For example its clear that the TObject created in InitStuff (named Init-B) was never freed.

Fixing those leaks should be easy from here on...
Note that the leaks inside Timer-B is still not named. Also note that I opted to include a counter when naming objects - this makes it easier to identify different objects of the same class.

Ok..so some of you might have noticed when we named the sections with KMSetThreadMarker we, for example, placed both a KMSetThreadMarker('Init-B') and KMSetThreadMarker('Init-E') marker.
It was done this way since if the leak happened in an unnamed procedure, say SomeProc, the memdump.txt will show a leak in the 'Init-E' thread section. So if you get a leak with a 'xxx-E' marker it means there is still some procedure you have not named,  that contains a leak and thus have to be named.

Also, naming each resource seems like a lot of work. This is where the "Anti-leak framework" steps in.

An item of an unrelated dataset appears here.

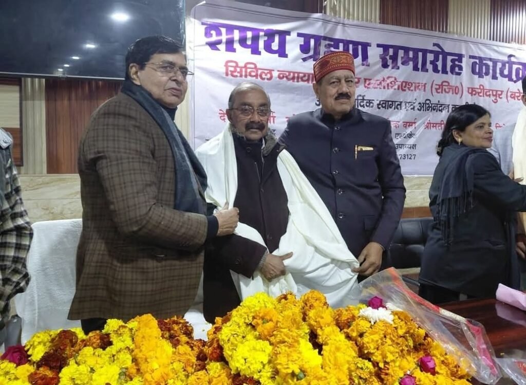 फरीदपुर (बरेली)। सिविल न्यायालय बार एसोसिएशन का द्विवर्षीय शपथ ग्रहण समारोह संपन्न हुआ जिसमें एल्डर कमेटी के अध्यक्ष नरेश कुमार चौधरी ने सिविल न्यायालय बार एसोसिएशन के अध्यक्ष जितेंद्र चौहान, महासचिव सुनीता मिश्रा सहित संपूर्ण कार्यकारिणी को शपथ दिलाई। जिसमें वरिष्ठ उपाध्यक्ष अशोक कुमार वर्मा, उपाध्यक्ष प्रवेश त्रिवेदी, कुलदीप शर्मा, संजीव कुमार सिंह नीटू, परितोष चौधरी, कोषाध्यक्ष सुमित वर्मा, संयुक्त सचिव रेखा आर्या , परमजीत, सम्राट सिंह, ऑडिटर धुरेंद्र पाल सिंह सहित वरिष्ठ और कनिष्ठ कार्यकारिणी के सदस्यों ने भी शपथ ली। विशिष्ट अतिथि एमएलसी कुंवर महाराज सिंह एवं जिला बार एसोसिएशन बरेली के नव निर्वाचित सचिव विशिष्ट अतिथि दीपक पाण्डेय का भव्य स्वागत किया और विशिष्ट अतिथि ने बिचार रखे। भव्य शपथ ग्रहण कार्यक्रम में एल्डर कमेटी के अध्यक्ष एवं मुंसिफ कोर्ट के संयोजक नरेश कुमार चौधरी, सदस्य देवदत्त शर्मा, राजेश चंद्र मिश्रा, आशु अग्रवाल, प्रोफेसर अलाउद्दीन खान, सतेन्द्र कुमार सक्सेना, अरविंद सिंह, अरुण तोमर, ओमवीर गुर्जर, मोहिनी शर्मा, अतुल शुक्ला, संजीव मिश्रा, अमित तोमर एडवोकेट पत्रकार, राकेश त्रिगुणायत, अनूप नारायन मिश्रा, सशींद चौहान, हरिशंकर अग्निहोत्री, शैलेश सिंह, संजय सिंह सोलंकी प्रधान, गौरव सक्सेना, अनूप गुप्ता, मुजम्मिल बेग, वीरेन्द्र पाल सिंह यादव, सुधीर सोलंकी, के पी सिंह पाल, विनय सक्सेना, विनोद शर्मा, शक्ति मिश्रा, रोहित शर्मा, योगेंद्र शर्मा, दीपक सक्सेना, बी आर जयंत, कौशलेंद्र सिंह सहित नगर के अन्य गणमान्य लोगों ने हिस्सा लिया। संचालन पूर्व सचिव शाहिद हुसैन एडवोकेट ने किया।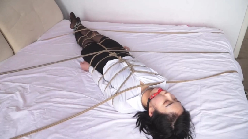 模特双臂被绑在身旁,双腿交叉被绑,口球封口。再用锁链捆绑,带上项圈限制在床上,动弹不得......

It seeks to provide you with a framework to built reliable applications - FAST.

But before we get to that, lets solve another problem first.

4. Detect very dangerous memory overruns & other errors

I actually started using KMM after about a week of debugging a certain application, after which I still could not figure out why it was crashing at random times. By this time I was almost 100% certain the problem lied in the Delphi compiler code or somewhere else inside Borland code. But of course I was wrong. The trouble was a very small 2 byte memory overrun. What was I thinking anyway - blaming the error on the BEST RAD tool out there? In my defense - a week of debugging can make any programmer crazy...

Getting down to business: Detecting memory errors is easy. In fact, you do not have to do anything. Upon any memory error KMM will not only make an annoying beep sound, but with my modified debug.pas file it will now also log all memory errors to debug.txt automatically.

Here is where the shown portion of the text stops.